CT continues to flex its muscles as a tool for predicting heart disease risk, in large measure due to its prowess for coronary artery calcium scoring. In JAMA, a new paper found CT-derived CAC scores to be more effective in predicting coronary heart disease than genetic scores when added to traditional risk scoring.
Traditional risk scoring – based on factors such as cholesterol levels, blood pressure, and smoking status – has done a good job of directing cholesterol-lowering statin therapy to people at risk of future cardiac events. But these scores still provide an imprecise estimate of coronary heart disease risk.
Two relatively new tools for improving CHD risk prediction are CAC scoring from CT scans and polygenic risk factors, based on genetic variants that could predispose people toward heart disease. But the impact of either of these tools (or both together) when added to traditional risk scoring hasn’t been investigated.

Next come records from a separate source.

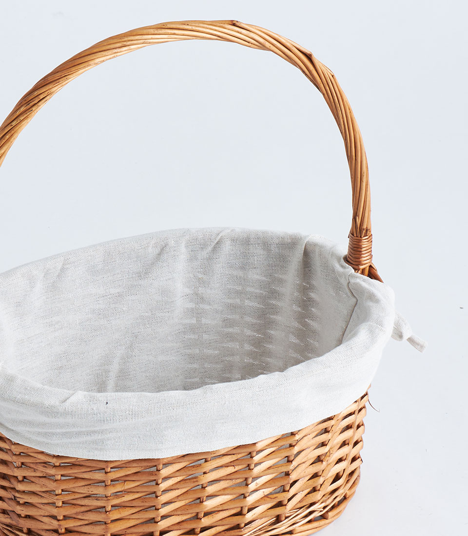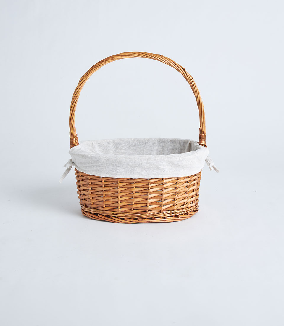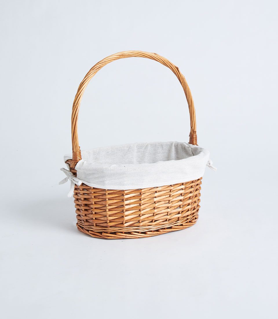 A handwoven oval wicker basket with a tall handle and soft fabric liner, designed for fruit baskets, curated hampers, and elegant gift presentations.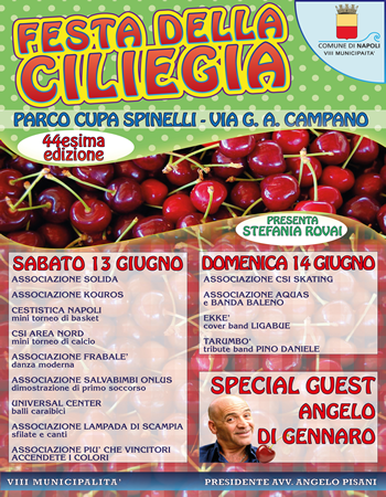 Arriva alla quarantaquattresima edizione la "Festa della Ciliegia" a Chiaiano, storica kermesse che si terrà nel weekend,sabato 13 e domenica 14 giugno, nel quartiere nell'Area Nord di Napoli, patrocinata dall' VIII Municipalità. Oltre alle degustazioni, l'evento dedicherà anche ampio spazio alla musica. Tra gli altri si esibiranno i Tarumbò, che guidati da Paolo Catapano e da Mario Montella, emozioneranno i presenti ricordando l'indimenticabile Pino Daniele. Special Guest Angelo di Gennaro. |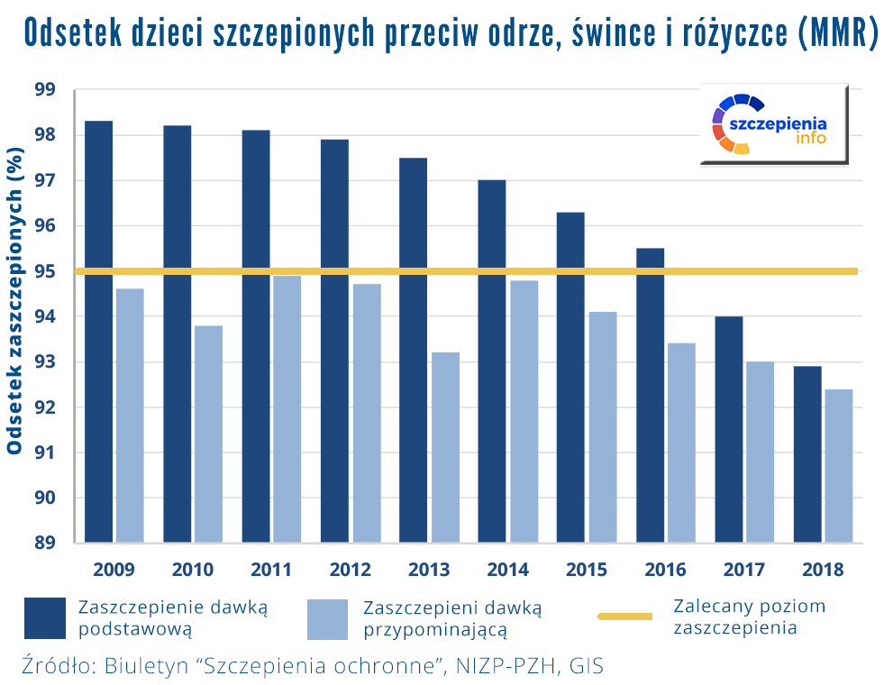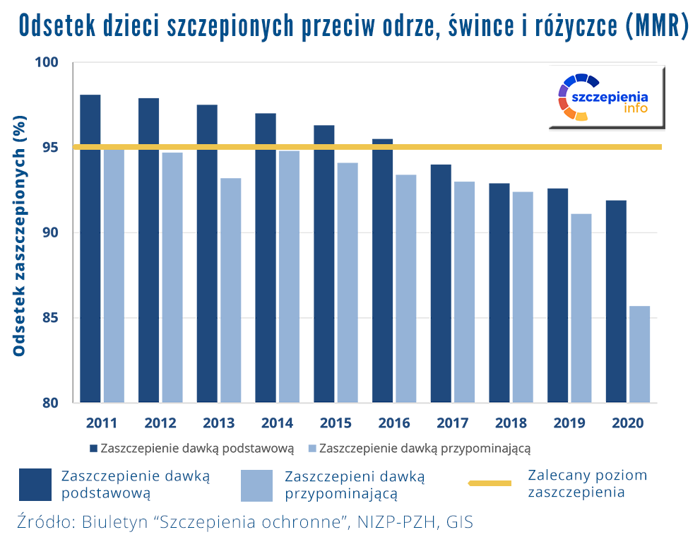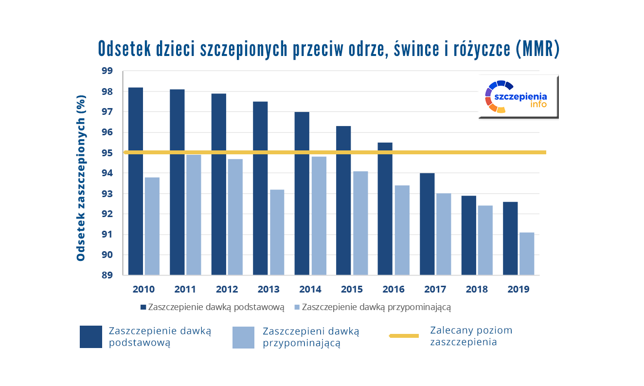 Przez wiele lat utrzymywano wysoki stan zaszczepienia przeciw odrze na poziomie 98-99%. W ostatnim dziesięcioleciu obserwujemy w Polsce niepokojący trend zniżkowy odsetka dzieci zaszczepionych przeciw odrze, śwince i różyczce (szczepionką MMR). Spadek zaszczepionych dzieci ma szczególne znaczenie w przypadku odry, która należy do jednej z najbardziej zakaźnych chorób, która do utrzymania odporności populacyjnej wymaga aż 95% stanu zaszczepienia.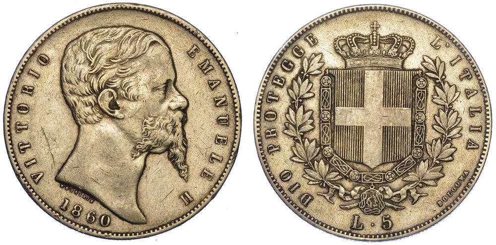 RE ELETTO. VITTORIO EMANUELE II DI SAVOIA, 1859-1861. 5 Lire 1860. Bologna.

To answer this question, researchers analyzed the impact of both types of scoring on participants in the Multi-Ethnic Study of Atherosclerosis (1,991 people) and the Rotterdam Study (1,217 people). CHD risk was predicted based on both CAC and PRS and then compared to actual CHD events over the long term.
They also tracked how accurate both tools were in reclassifying people into different risk categories (higher than 7.5% risk calls for statins). Findings included:
- Both CAC scores and PRS were effective in predicting 10-year risk of CHD in the MESA dataset (HR=2.60 for CAC score, HR=1.43 for PRS). Scores were slightly lower but similar in the Rotterdam Study
- The C statistic was higher for CAC scoring than PRS (0.76 vs. 0.69; 0.7 indicates a “good” model and 0.8 a “strong” model)
- The improved accuracy in reclassifying patient risk was statistically significant when CAC was added to traditional factors (half of study participants moved into the high-risk group), but not when PRS was added
This study adds to the growing body of evidence supporting cardiac CT as a prognostic tool for heart disease, and reinforces CT’s prowess in the heart. The findings also support the growing chorus in favor of using CT as a screening tool in cases of intermediate or uncertain risk for future heart disease.